Automatic Performance Tuning: Today and Future Challenges

Jacqueline Chame
University of Southern California

On the Implementation of Circuits for the Discrete Fourier Transform

Carlo Fantozzi
University of Padova

The Discrete Fourier Transform (DFT) remains a key building block in countless computing systems. Commercial solutions usually rely on ASIC implementations of the radix-2 FFT algorithm, but this classical, static approach is being questioned by the demanding requirements of modern applications. A clear example is given by new communication standards, which mandate support for many combinations of parameters to ensure good performance in different scenarios: for instance, DVB-T2 requires to switch between 6 different DFT lengths.
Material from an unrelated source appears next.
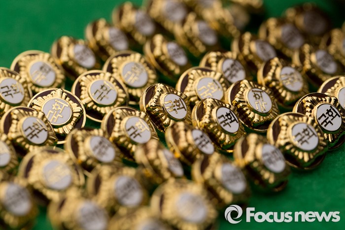 (서울=포커스뉴스) 4.13총선을 이틀 앞둔 11일 오후 서울 여의도 국회에서 20대 국회의원 당선자들이 착용할 배지가 공개되고 있다.

Other applications, such as cellular telephony, mandate support for multiple standards at once. The need for adaptivity is foreseen to grow further in the future, with the spreading of software-defined and cognitive radio systems.

In this scenario, the talk will present some remarks on the silicon implementation of the DFT in modern processors, such as multi-core chips or application-specific instruction-set processor. The objective is to shed light on key properties that are valid regardless of the size, algorithm and other details of the DFT implementation.

SW/HW Approach for Optimizing the Performance
of Synchronous Shared Memory Architectures to Low-TLP Situations

Martti Forsell
VTT Electronics

Synchronous shared memory (SSM) architectures are promising candidates for future CMP architectures due to their ability to execute general purpose parallel code efficiently down to the finest granularity and support for easy-to-use parallel programming models. While the recent SSM architectures are tuned for fast execution of parallel workloads and co-exploitation of ILP and TLP, the solutions used in them do not support efficient execution of low-TLP code fragments. More generally speaking, this inability of architectures optimized for parallel execution to efficiently execute sequential code has been shown to be one of the design bottlenecks in the theory of architectures.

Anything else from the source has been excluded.